I’ve always hated this analogy. Why can’t I buy a cake and eat it?
I don’t understand why society demonizes that (the multiple people thing, not the lack of communication). If that’s what’s best for my partner, who am I to stop them? What does exclusivity even get me besides limiting my jealousy?
Polyamoury is cool. Cheating is not cool.
That’s all it comes down to - consent
If someone needs multiple partners in their life to feel fulfilled, then wonderful, but they just have to make sure that everyone involved is fine with that before they get into the situation.

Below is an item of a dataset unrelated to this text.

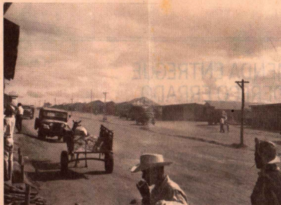
Candangos e carroça na Cidade Livre: o planalto sob olhar do português

In most cultures betraying contracts is usually considered bad, and relationships are basically intimate and emotional contracts. Trust is important even in business contracts, but in interpersonal ones its ESSENTIAL. If you entered into a polyamorous relationship, cool, thats the contract all parties agreed to, but if it wasnt specifically polyamorous its defaults to monogamous, and if you breach that trust, you’re probably not getting it back, and without trust ever having a healthy relationship again is probably gone
Granted I haven’t been around the dating pool very often but from what I’ve seen of cheating it’s rarely because the person is interested in polyamory but because they are simply normal and are trying to take advantage of one aspect of a relationship and fulfill their other desires with a different relationship for example taking advantage of husband A being rich and take advantage of husband B because he’s physically hot both are being taken advantaged of and husband A feels like he’s nothing more than a wallet and husband B feels like he’s nothing more than a dick on top of all that in the US the family court system very heavily favors women so if a girl is not 100% interested in a man it’s quite possible for the man to loose his entire lively hood I will admit this is a pretty male centric take but like I said i haven’t been paying much attention to dating world and i only have the perspective of a man
You missed my point. I’m saying that if you’re not specifically in a poly relationship, then non exclusivity is an immediate and automatic relationship contract breach in 99+% of cases. So yes, the cheater isn’t interested in Poly relationships in the vast majority of cases, but I was only bringing poly relationships up because they are a notable exception to non exclusivity being an immediate deal breaker
That makes sense but I think real reason is they get off doing something so terrible and evil and immoral. I get it.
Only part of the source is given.